Lies and Virtualization – Capacity Optimization is an Altered Reality
by Ken Wood on August 26, 2011
OK, so I lied about my last blog being the final of a three part series (1, 2 & 3). But aren’t we used to being lied to these days? I classify virtualization into three categories of prose: one-to-many, many-to-one, and this-to-that. (Turns out, I thought I blogged about this some time ago, but it was a paper I started and never finished. I’ll extract this and post it as a future blog soon.) 
Virtualization, as we use it in our IT lives, is a lie. Virtualization technologies, whether it is in storage (which includes RAID, capacity optimization, Dynamic Provisioning, Dynamic Tiering, etc.), servers, CPU, file systems, or desktops hides the real truth and sometimes administrative tasks from the rest of the world. Virtualization is an abstraction of a complex physical reality, or the aggregation of many simple elements, to a more understandable, usable, acceptable and simplistic view, on behalf of an application or user.
Virtualization lies to us for our own good. When used with capacity optimization technologies, as I’ve described in several of my previous posts, you will be presented with a false view, but you will like what you see. The amount of available space for storing your data will appear vast and voluminous (and in some cases “bottomless”) but under the covers lies a complex system of algorithms and coding used to squeeze, chop-up and delete your data into a smaller and smaller footprint. These layers, in fact, can continue down to another layer of abstraction, such as a dynamically provisioned volume of storage.

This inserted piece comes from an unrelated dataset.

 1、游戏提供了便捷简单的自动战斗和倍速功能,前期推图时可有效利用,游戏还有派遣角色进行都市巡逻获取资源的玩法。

This, in turn, records data on an array of disk drives protected by another layer of abstraction called RAID-6. Even the disk drives themselves are accessed via a logical block address, which hides and simplifies the realities of addressing data as cylinders, tracks and sectors, or steering you from the bad block replacement area.
The abstraction layer above capacity optimization technologies hides the truth from the user and application in order to focus on doing what they do best, and not manage capacity, or so it seems. More times than not, this just moves the administrative action line further out in time. Storage is not “bottomless,” but it can seem very deep. This layer presents, for example, a 5TB file system to the user or application, which can write data to this space. Depending on the architecture and the type of data being written, the file system’s utilization percentage will act strange to people who are used to chasing the 90% threshold for most modern file systems. It may seem like no data is being written, or like data was written, then disappeared, but when checking the file system, data (or at least the file names) exists.

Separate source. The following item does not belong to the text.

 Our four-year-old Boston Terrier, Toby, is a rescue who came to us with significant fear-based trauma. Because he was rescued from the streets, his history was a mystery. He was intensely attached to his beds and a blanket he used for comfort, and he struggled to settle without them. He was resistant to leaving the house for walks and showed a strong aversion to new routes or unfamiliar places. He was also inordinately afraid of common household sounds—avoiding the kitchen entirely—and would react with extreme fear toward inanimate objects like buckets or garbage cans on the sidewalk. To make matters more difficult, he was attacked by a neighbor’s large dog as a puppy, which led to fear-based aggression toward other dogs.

What’s happening is storage is being optimized against the data that already exists. The more data that is stored, the more data there is to compare to, the more chances of duplicate data detected, the more duplicate data is removed. The task at hand is the management and metadata tracking of keeping references. The mapping of the chunks that are used and shared across many files can tax a management system by creating a large database with heavy comparison tables.
This mapping of chunks—you can replace chunks for blocks, pages, sectors, sub-files, etc.—IS the lie. That is, virtualization is hiding this from you.
Or, as David Black of EMC used to be fond of saying during our time together in SNIA Technical Council meetings, “…most problems can be solved in computer science with yet another layer of indirection…”